Page revised in July 2011.

- Segni
(detail of a fresco at S. Onofrio)

Ferdinand Gregorovius, a German historian best known for his studies on medieval Rome, spent the summer of 1860 at Genazzano with his friend Johannes Muller, a painter; the two decided to go on a ride across the Volsci Mountains to see the Pontine Marshes. The journey was described in an account (Aus den Bergen der Volsker) written by Gregorovius for a German paper (you can read the English translation by Dorothea Roberts in Bill Thayer's Web Site). Muller was a watercolourist who later on opened a studio in Piazza Barberini.

(left) Porta Maggiore; (right-above) inscription of the Volumnii (Ist century BC); (right-below) inscription celebrating Emperor Caracalla

Gregorovius and his friend reached Segni after a ride of three hours across the valley of the River Sacco which they crossed near Valmontone; they entered the town through Porta Maggiore, which, notwithstanding its name, was the only gate. In the XIXth century Segni occupied only a part of the site of ancient Signia, a town on the northern side of the Volsci Mountains which according to tradition was conquered (or founded) by Tarquinius the Proud, the last Roman king in 513 BC.
Ancient Roman inscriptions and fragments of reliefs can be seen on the walls of many buildings of the town.


Gregorovius was impressed by the poor houses he saw in Segni; they were built with white calcareous stones mixed with black tufo which overall gave them a grey colour; today most external walls have been covered by an outer layer, while flowers and climbing plants give the houses a bright appearance.

(left) Medieval building; (right) Ponte Scarabeo

Similar to nearby Montefortino, Segni was plundered by the troops of Pope Paul IV in 1557, but it still retains some medieval buildings.
Ponte Scarabeo is a medieval arch built between a house and the ancient Roman walls; its unusual name is associated with a tale about a scarab donated by a Carthaginian prince to a local girl.

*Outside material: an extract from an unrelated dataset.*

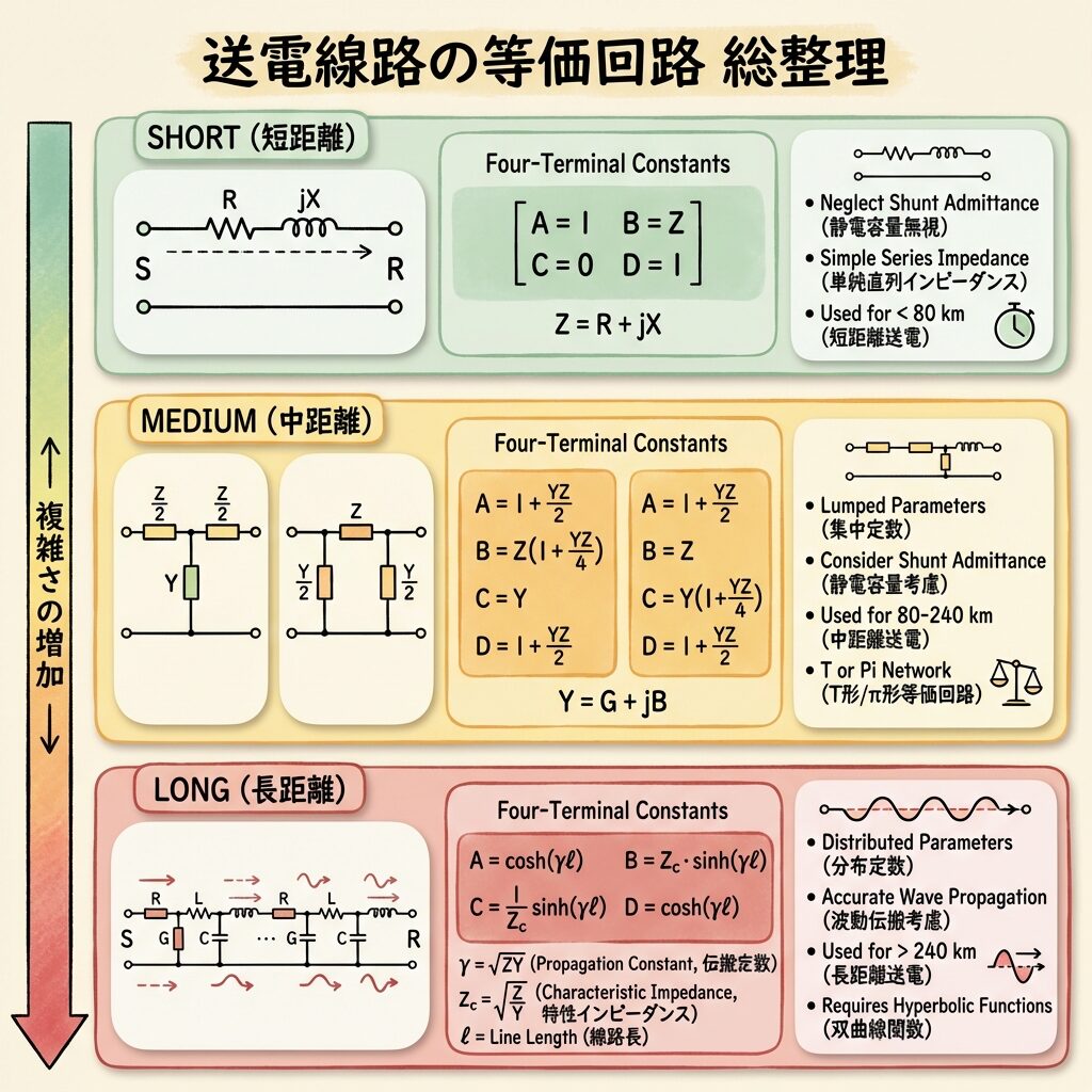 短距離 → 中距離 → 長距離の順に、四端子定数が段階的に複雑になっていきます。短距離の「A=1, B=Z, C=0」が基本形であり、ここにŻẎの補正項が加わると中距離、cosh・sinhになると長距離です。「短距離がベース。距離が伸びるほど補正が増える」という感覚で覚えましょう。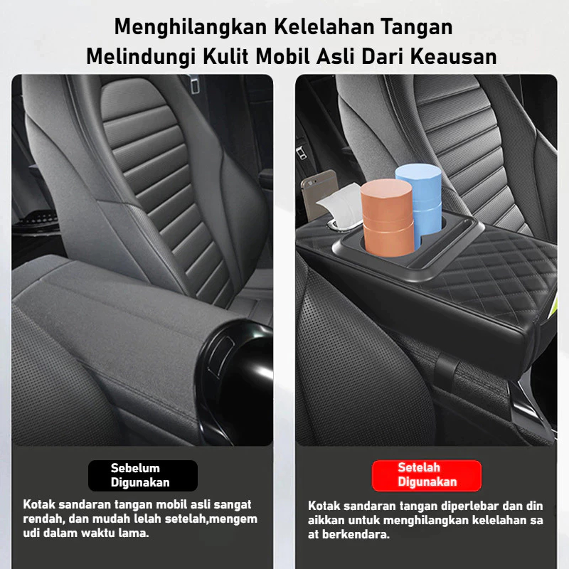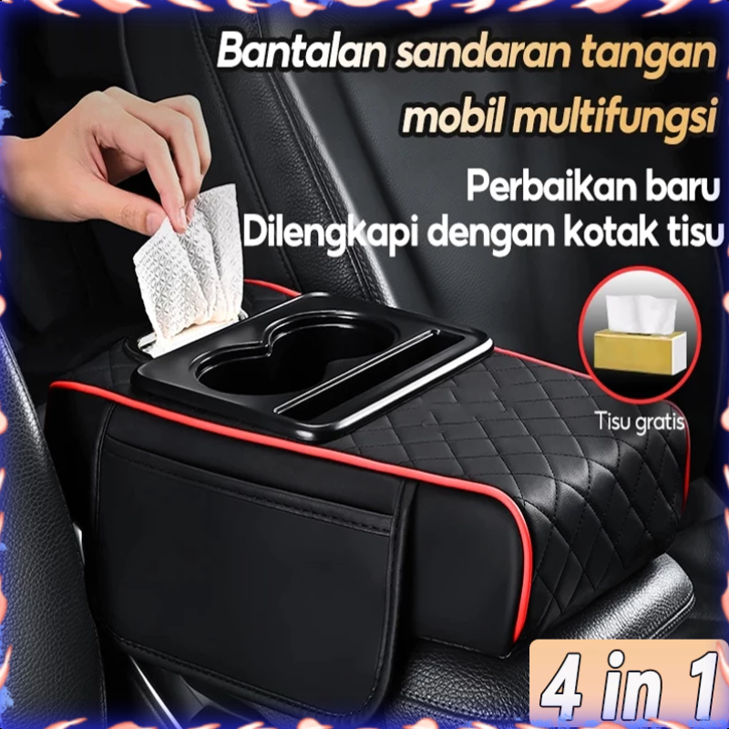 Tempat Botol Mobil 4 In 1 - Sandaran Lengan Pelindung Multifungsi Kotak Tisu Universal Rak Penyimpanan Mobil

Medieval bell towers: (left to right) Cathedral, S. Pietro and S. Stefano

The Romanesque bell towers of Segni are a sign of the importance acquired by the town in the XIIth and XIIIth centuries when several popes resided there for a short time; in 1198 Lotario dei Conti di Segni, a member of the family which ruled Segni, became Pope Innocent III, one of the most important popes of the Middle Ages and a keen asserter of the supremacy of the popes over kings and emperors.

Cathedral: (left) interior; (right) inscription celebrating St. Thomas of Canterbury and St. Bruno of Cologne.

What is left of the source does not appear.